Local municipalities have a wealth of expertise to rely on in looking at various options, said Kim Malcolm, a consultant for Local Energy Aggregation Network. "Humboldt seems savvy about what it's getting into," Malcom said.
Sources say what's being discussed is having a private company either handle the whole move away from PG&E, or facilitate administration of the plan. This is unlike other Community Choice programs. Sonoma County (with the exception of Healdsburg) administers its own Community Choice. Marin County not only runs its own, but has reached across county lines to other regions. Lancaster is set to run its own program within the city.
If either Arcata or Humboldt County instead proceeds with a private company to administer the program, it would be the first in the state to do so. So, while Rumble noted he plans to spread the financial risk, there's yet to be another entity to help with dispersing it.
The county-wide economies of scale could push it into more financially fruitful territory. With 154,000 accounts, Sonoma's program, for example, has higher-than-expected revenues, although it is still operating with tight margins due to its initial start-up costs, according to Sonoma Clean Power.

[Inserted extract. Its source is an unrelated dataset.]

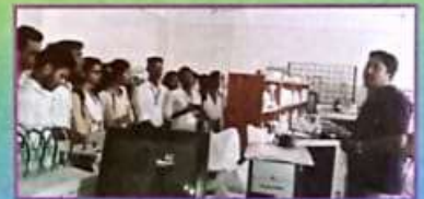
Educational Trip to Tezpur University
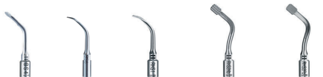
BS4 BS6 RHS1 RHS2Hb RHS2Fb

Another private firm, Community Choice Partners, is also interested in putting together a program for the local region. Anticipating profits, this company would initially take the financial risk, like California Clean Power, but would turn over management to the local entity after a few years, according to Winkler. Community Choice Partners is "much more amenable" to developing in-county, or in-city renewable resources than the Clean Power, he added. California Clean Power intended to act more like an electricity broker, with the municipality reduced to a "passive" position, Winkler added.
In a less-passive position, municipalities would have more authority over what to do with any proceeds from creating a Community Choice program, which aims to give customers more say in where their power comes from. That could result in investment in solar, wind and even biomass infrastructure in the county, as well as in efficiency and conservation efforts. Participating entities could also choose the percentage of renewable electricity procured, in some cases even trading higher rates for cleaner power.
Even if the authority, the county and Arcata do not adopt Community Choice, getting 50 percent of electricity from renewable sources may soon become state law.
A bill, authored by Senate President Pro Tem Kevin de León (D-Los Angeles), requiring half of California's electricity to be derived from wind, solar or other renewable sources by 2030 passed the senate June 3 with a 24-14 vote. It's now moving through the Assembly with an excellent chance of being signed into law with the governor's support.
J.A. Savage is a freelance journalist living in Trinidad. Former editor of California Current, she's written for the San Francisco Chronicle, the Los Angeles Times and the S.F. Bay Guardian.